Elizabeth Alluah Vaah

Considering the foregoing, Madam Alluah Vaah, criticized the “hastened” enactment of the Petroleum Production and Exploration ACT 2016 (ACT 919), which is backing the existing fiscal regime, while the then PNDC Law 64 and PNDC Law 84 which “had better things for Ghana” were abandoned.
“The CNREM, has been advocating, asking Ghanaian elites and Ghanaian leadership to take a look at PSA, take a look at the existing laws that they hurriedly overruled and they didn’t. They won’t even listen to them, and this is not just NPP, [both NDC and NPP], they won’t listen to them. Because, these oil companies had their own way of making sure that they won’t pay attention to what is in the best interest of Ghana.”

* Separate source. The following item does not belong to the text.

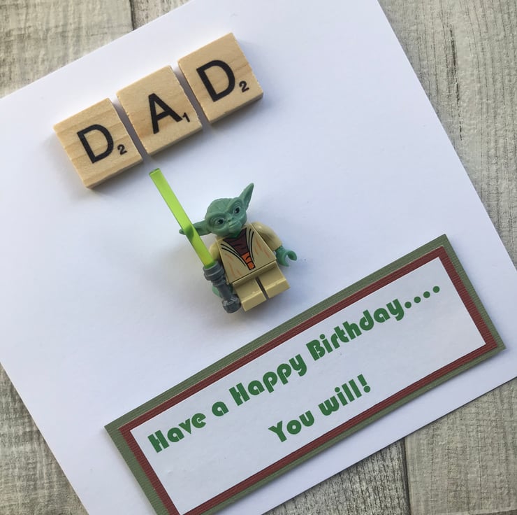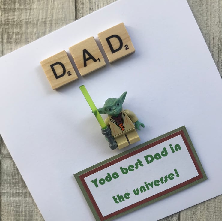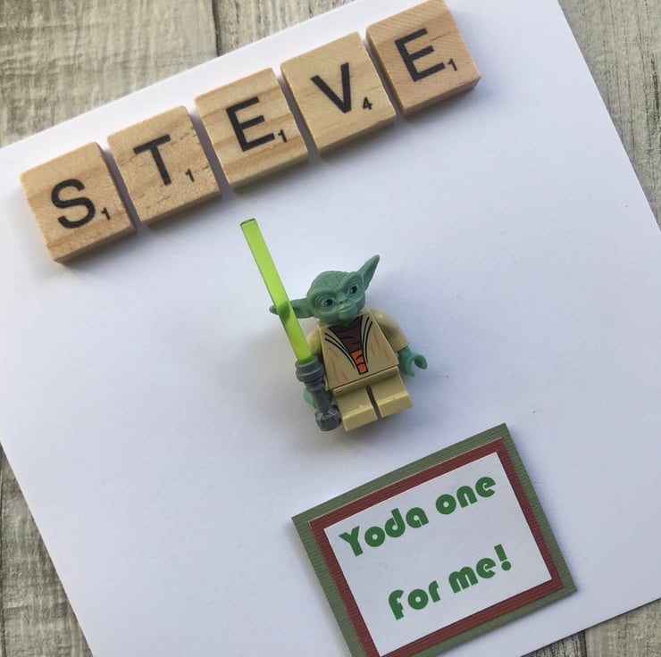 Send super hero wishes with this beautiful personalised handmade greetings card, featuring Yoda from Star Wars perfect for Father’s Day, Birthday or Anniversary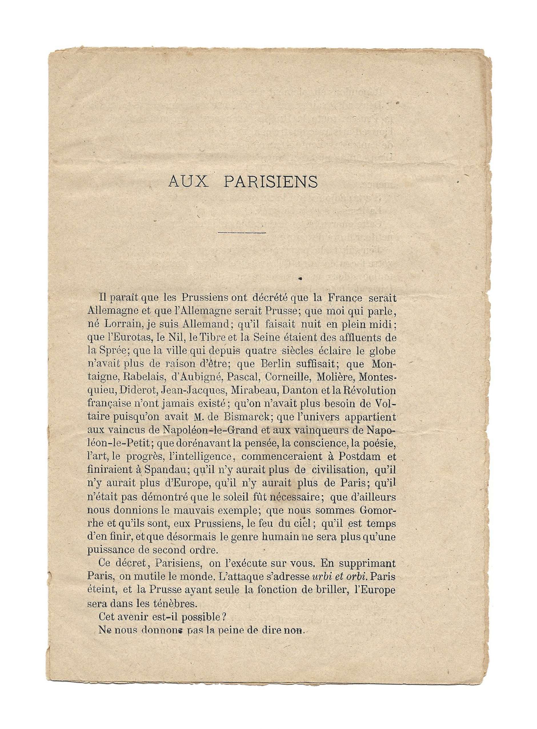 – Aux Parisiens, dated October 2, 1870, appears in Actes et Paroles III in chapter IV, p. 65

Madam Elizabeth Alluah Vaah
Strategies to Adopt, Going Forward
Peeking into the future, she recommended that, there should be a reconsideration of the existing law and “think like owners, reshape the ACT 919, and make sure that we are looking at it from the angle of the PSA.” Apart from these, she admonished that, in terms of the benefits local communities receive from the exploitation of oil in their jurisdictions, “fairness and equity” should be at the fore of decision making regarding the management of oil revenues.
“Even with our mineral resources… we will make a good case that the 5% (that goes to the communities) is not enough, but then you say that, when it comes to oil and gas not even 0.1% will be earmarked for these communities, why? Because it is offshore? Really! That is the most unfair position that anybody who cares about Ghana and its citizens will take, it’s not right; it’s not right at all. We are telling fishermen don’t go [near oil rigs] and yet, we have in that PRMA that, if you are adversely affected, you can get compensated under the law… it’s very unfair.”
Madam Elizabeth Alluah Vaah
Regards the National Oil Company, the environmental advocate, said: “GNPC has to know its role. They have to think big and leave the building of turfs and others to those organizations whose role it is to build them. They should focus on taking ownership stake in the resources and being owner-minded, making sure that Ghana incorporated gets the most from its resources.”
Going a step further to ensure that the status quo becomes bygone, Madam Alluah Vaah, is making an appeal to Ghanaians to demand accountability of the country’s oil resources. On her part, and that of her allies: “We are looking to get some legal review of all these [petroleum] agreements and make the case for these organizations and individuals who happen to be in a position to negotiate for the country to reconsider their mindset and how they go about things.”